Exercise data
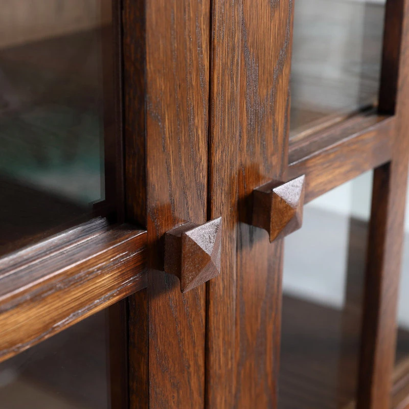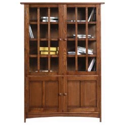 This is an Arts and Crafts Mission Oak China Cabinet or a Bookcase made with solid white Oak. This is a high quality piece, very solid, no veneer, made with alot of expertise and attention to details as the orignal 100 year old Stickley piece were made and is perfect for an Arts and Crafts collector and style of house. It has three shelves.
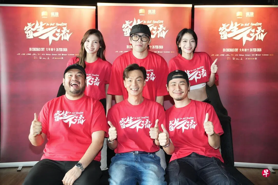 《关你茶室》2025年创下1330万元令吉(约430万新元)的票房佳绩,成为马来西亚最卖座本土中文电影第三名。问他们是否有信心打败自己,男主角丧彪来一招“推卸责任”,说:“我觉得票房80%要靠Mark哥(李国煌)。”
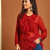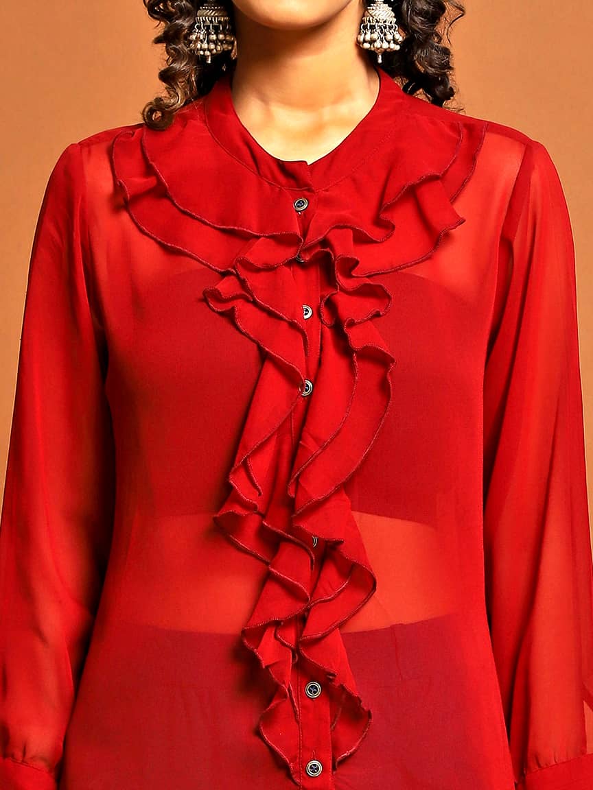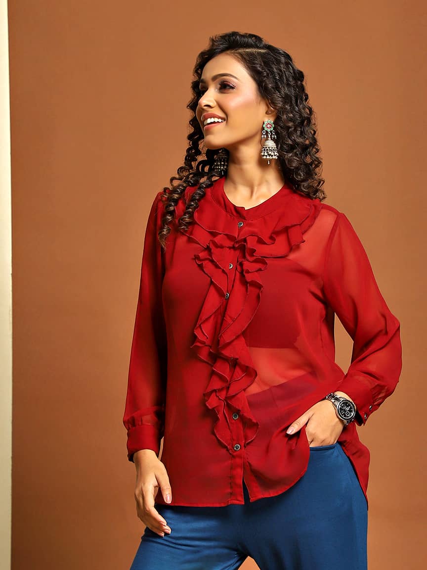 • Perfect for both casual and dressy occasions, our Translucent Georgette Button-Through Ruffle Top seamlessly combines grace with a contemporary edge. Embrace the beauty of contrasts and make a statement with every wear.”

What you are asked to do
Print out all the material word for word but exclude any images.

Solution to the exercise
 This is an Arts and Crafts Mission Oak China Cabinet or a Bookcase made with solid white Oak. This is a high quality piece, very solid, no veneer, made with alot of expertise and attention to details as the orignal 100 year old Stickley piece were made and is perfect for an Arts and Crafts collector and style of house. It has three shelves.
 《关你茶室》2025年创下1330万元令吉(约430万新元)的票房佳绩,成为马来西亚最卖座本土中文电影第三名。问他们是否有信心打败自己,男主角丧彪来一招“推卸责任”,说:“我觉得票房80%要靠Mark哥(李国煌)。”
 • Perfect for both casual and dressy occasions, our Translucent Georgette Button-Through Ruffle Top seamlessly combines grace with a contemporary edge. Embrace the beauty of contrasts and make a statement with every wear.”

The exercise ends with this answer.